Bell Flight's APT-70 autonomous logistics drone, equipped with Yamato's PUPA-70XG pod, flies above Texas.
Bell Flight’s APT-70 autonomous logistics drone, equipped with Yamato’s PUPA-70XG pod, flies above Texas. (Bell Flight)

FORT WORTH, Texas — Out at Wrangler Field, an old Army airstrip far from dense populations and controlled airspace, Bell [TXT]and Japanese logistics company Yamato on Monday demonstrated to journalists the capabilities of their joint project announced last year: the Autonomous Pod Transport system, or APT.

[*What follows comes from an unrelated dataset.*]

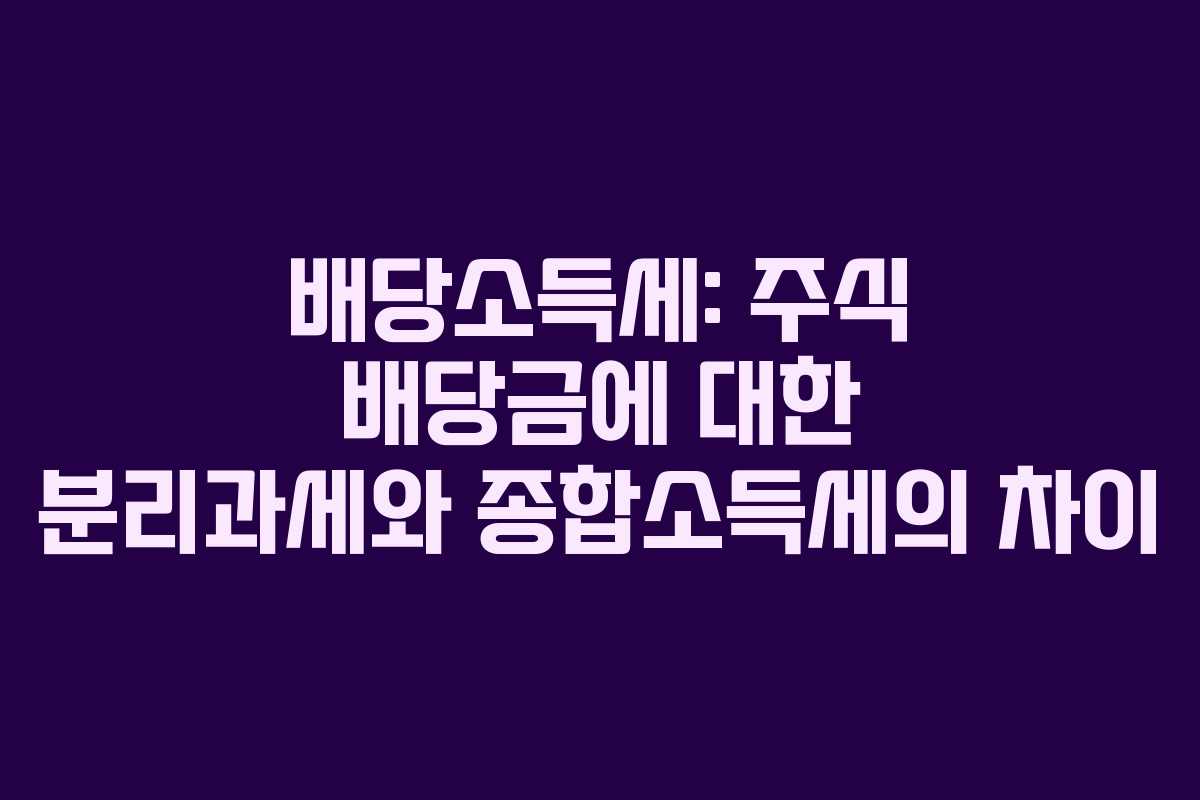 배당소득세는 금융 소득세의 일환으로, 이자와 배당소득에 부과되는 세금이다. 많은 투자자들이 주식 투자에서 발생하는 배당금을 받을 때 이 세금에 대한 이해가 필요하다. 특히 분리과세와 종합소득세의 차이점은 배당소득세를 절세하는 데 중요한 요소로 작용한다.

APT is a tail-sitting, all-electric vertical takeoff and landing (VTOL) autonomous aircraft, capable of being scaled up or down to handle different size payloads and fulfill different mission sets. Currently, Bell is using APT-20 — named according to the payload it can carry — as a smaller testing vehicle for its main project, the APT-70.

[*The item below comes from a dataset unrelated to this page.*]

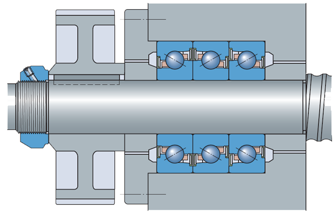 軸承不可分離,接觸角為62°。兩套圈上溝道和擋肩間的過渡半徑經(jīng)過磨削加工。這使邊緣應力降低了大約30%,使這些軸承比普通設計軸承能夠更好的承受重的軸向載荷和偶爾的過載。所設計的單向軸承只能在一個方向上承受軸向載荷,因此要與第二套軸承組配,或者成組的安裝。這些軸承為標準化的通用配組,一組安裝可以多達四個軸承以實現(xiàn)不同的軸承配置,達到配組軸承組的性能水平。采用的一種獨特的熱處理方法有助于軸承在整個工作壽命期內(nèi)預載荷保持恒定。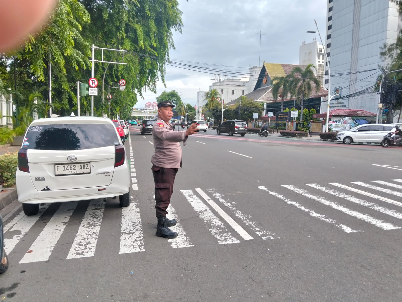 Dengan peluit dan isyarat tangan yang tegas namun ramah, petugas memastikan tidak ada kendaraan yang berhenti sembarangan atau melawan arus. Sesekali, mereka membantu pejalan kaki menyeberang dengan aman di tengah ramainya kendaraan. Kehadiran polisi di lokasi pun membuat suasana terasa lebih tertib dan nyaman.

On Monday, before the media, the 315-pound aircraft demonstrated a preset flight path. It took off in a controlled fashion, reached a height of about 175 feet, and then transitioned to forward flight to zip around predefined waypoints like a horse on a racetrack. Its max speed exceeds 100 mph and it can carry a 70-pound payload up to 35 miles, depending on how much time is spent in ‘hover’ configuration, which uses more than double the energy as forward flight mode, according to the company.

While its four rotors create some acoustic disturbance during takeoff and landing, APT is fairly quiet during forward flight — to be expected of a VTOL aircraft using distributed electric propulsion and tiltrotor technology championed by Bell.

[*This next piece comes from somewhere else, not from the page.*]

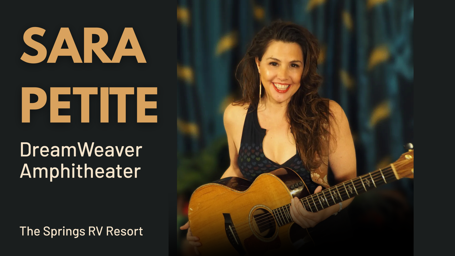 Get ready for an unforgettable afternoon of music at The Springs RV Resort. Sara Petite, a fiery Americana singer-songwriter from San Diego, takes the stage at the DreamWeaver Amphitheater on Saturday, November 29, 2025, at 3:00 PM.

The design of APT is driven by flexibility. Bell’s Scott Drennan, vice president of innovation, is fond of saying “everything in between the rotors is the customer’s space.” The payload — a detachable pod designed by Yamato to be easily transferrable to ground vehicles — can be reshaped and modified to fit customer mission requirements. If its contents need to be kept in a steady configuration, the pod can even be placed on a gimbal, Drennan said.

The APT family of vehicles were initially under development as a commercial logistics solution, but Bell sees significant military applications for them as well, with interest expressed by the U.S. Army, Marine Corps and Navy, according to Todd Worden, manager for advanced UAS sales and strategy at Bell.

“The Marine Corps [Logistics Command] was working on an unmanned logistics program … we got in contact with them, and they were interested in what Bell was doing,” Worden said. “They kind of encouraged us to move out and offer up solutions.”

Last summer, Bell responded to a request for information (RFI) put out by the Marine Corps for an unmanned logistics solution, and earlier this year the company participated in an industry day for Joint Tactical Autonomous Aerial Resupply Systems, according to Worden.

The focus is on development of a UAS to meet Pentagon requirements of a 1,320 pounds maximum takeoff weight. APT-70 fits into that category, but Drennan said the Bell team is considering a larger size that would carry a 300-500 pound-payload — or even an “APT-XL” with an 880-pound max payload. The APT design would allow for these aircraft to be hybrid if needed, but according to Drennan, most customer use cases explored so far don’t require more range or power than available through fully electric propulsion.

“As we understand it, the Marines and the Army are working collaboratively on this solution,” Worden added. “With the APT family of systems, starting with the APT-70, it’s a scalable product; I think we’re able to offer the military a solution that will help enable them to do the operations for assured resupply or autonomous resupply that they need to do.”

Through the RFI process, Bell has provided the military with options regarding charging the eVTOL aircraft, including various charge rates as well as hot-swapping batteries.

Bell intends the autonomous APTs to be overseen by operators who are more like monitors, receiving real-time information from the vehicles and able to take action, if necessary.

“We’d send them them critical health signals about the vehicle: how much voltage is left in the battery, what are the state temperatures of the motors, is it on its way to its proper destination,” Drennan said. “If something were going wrong and it needed to land, maybe a ‘land immediately’ signal could come, or a redirection in the navigational track of the vehicle.”

Bell anticipates APT will be ready to enter service in the “early-2020s,” but it’s unclear whether the regulatory and air traffic control structures that permit it to fly in controlled airspace will match that pace. Early next summer, Bell’s APT-70 will participate — along with two other unmanned vehicles — in flight tests associated with NASA’s Systems Integration and Operationalization (SIO) project, which aims to simulate the commercial operation of large unmanned aircraft.

“The significance of the NASA test is about flying through complex airspace, we are going to fly through Class B airspace in the [Dallas-Fort Worth] metroplex with a 315-pound vehicle,” Drennan said. “That’s a vehicle that is operational, usable, is of real size and can help real customers. We’ll be doing that with a detect-and-avoid system and beyond visual line of sight rules.”